GOD DAMNIT, I FUCKING WANT TO KILL SOMEONE!
Sorry that its been so long since ive updated. life has found seven different ways to fuck me and my family over. Between my last update and now the following things have happened:
- We got evicted from our house because our landlady got conned into it by her evil, greedy little children.
- This is a touchy subject, but my slutty sister decided to cart her big ass away from my family and take her little girl with her. She was only supposed to be gone for a week. we find out a fucking month later she moved into a house fucking three states away and wont even let us speak to her daughter. the Skank lied to my parents and hurt them. if i ever see her again ill tell her a little story. Its from my boot. its called Kicking your ASS!
-worst of all, I am sitting in a motel in kentucky because my uncle Billy will soon die. My uncle is a great man, who has had a great life. He will die of health complications at the age of 40. He was a volunteer firefighter who loved what he did. he had two kids and adopted four more. he had this uncanny ability to make anyone laugh under any circumstances. Even now, in pain and sedated from medication, his sense of humor remains steadfast. people say i look like him.

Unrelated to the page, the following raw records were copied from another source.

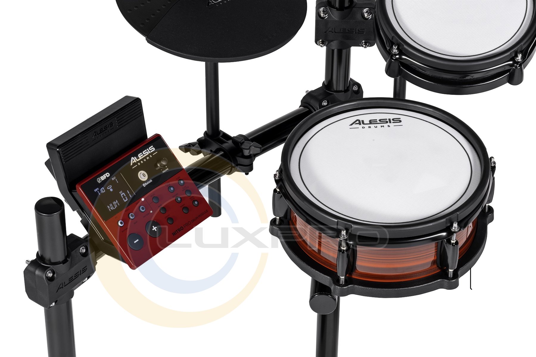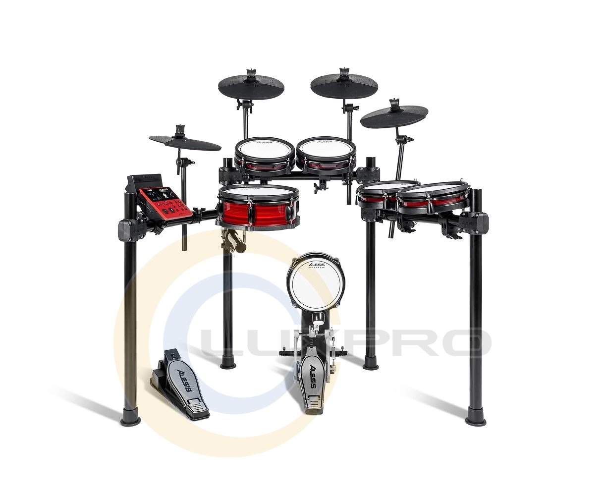 Комплектація: Модуль NITRO PRO, 10" сітчастий двозонний глибокий пед робочого барабана, 4х 8" сітчасті двозонні педи томів, 8" сітчастий вертикальний пед бас-барабана, 2х 10” пед крешу (із заглушенням), 10” пед райду (із заглушенням), 10” пед хай-хету, педаль для бас-барабана, педаль-контролер хай хета, Металева рама з 4 ніжками, блок живлення, барабанні палички, барабанний ключ.
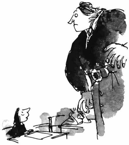 Матильда села за парту. Транчбуль села за свой стол — впервые за весь урок. Затем она протянула руку и взяла графин. Держась за графин, но не поднимая его, она сказала:
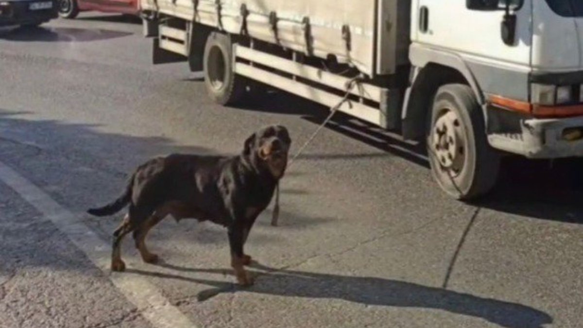 Görüntülerde, kamyonun arkasında iple bağlı halde ilerleyen köpeğin zorlanıp düştüğü görülüyor.
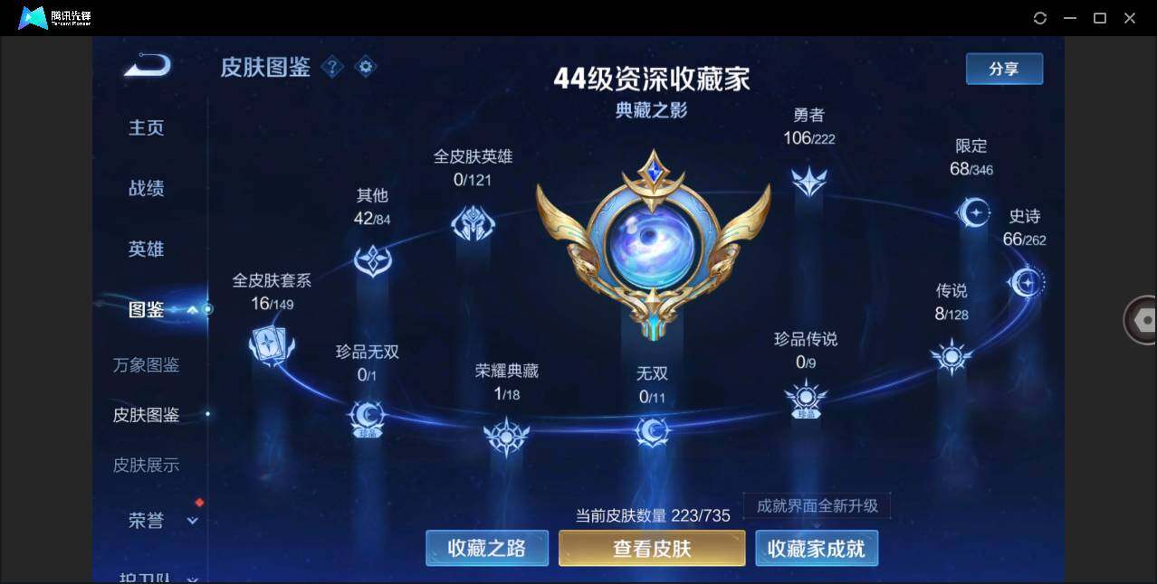- PX_2071605-安卓QQ 124英雄 461皮肤 贵族等级10 已兑换荣耀水晶数14 赤影疾锋 无限飓风号 杀手不太冷 全息碎影 天鹅之梦 鸣剑·曳影 活力突击 大秦宣太后 九霄神辉 星域神启 幻阙歌 银白咏叹调 星空梦想 青丘·九尾 神器·明辉仪 真我赫兹 兔狲·蓬尾 绯月行 灼幽烈阳 追逃游戏 太华 炽翼辉光 祈雪灵祝 云诺千山 记忆之芯 时之恋人 黄金射手座 怒海麟威 音你心动 浮生

Ive never wanted to cry so much in my life. But i cant. i have to remain strong and vigilant over my grandmother (i call her Mimmie) My Aunts and my mother. Mimmie cries when she sees pictures and talks of Billy. A 6'4" , 250 Lb man shrank to 5'11" and 175 Lbs. My aunt Stacy cried because billy is responsible for the path she walks. If Billy wasnt a firefighter, She wouldnt have become a paramedic. My mother hasnt cried much, but when its all over, she'll crumble.

I cant cry. I cant hurt. I cant grieve. even as i type these words i cant cry. If i do, no one will be able to help my family. Dad is still at home which does me no good and my grandfather (i call him Pap) who has been the strongest man ive ever known is beginning to fall.

All i want is to wrap my arms around someone, and have their arms around me. I want to lay my face in their shoulders and let it all bleed out. My home, my niece, my uncle, my grief, all of it. I want to cry and let it the fuck go.

Someone tell me its alright. Tell me i'm not alone.


I leave you with the words of my uncle when someone asked if they would wait for them in Heaven,

"I'd wait outside the gates for ya, but i'd probably get picked up for loitering."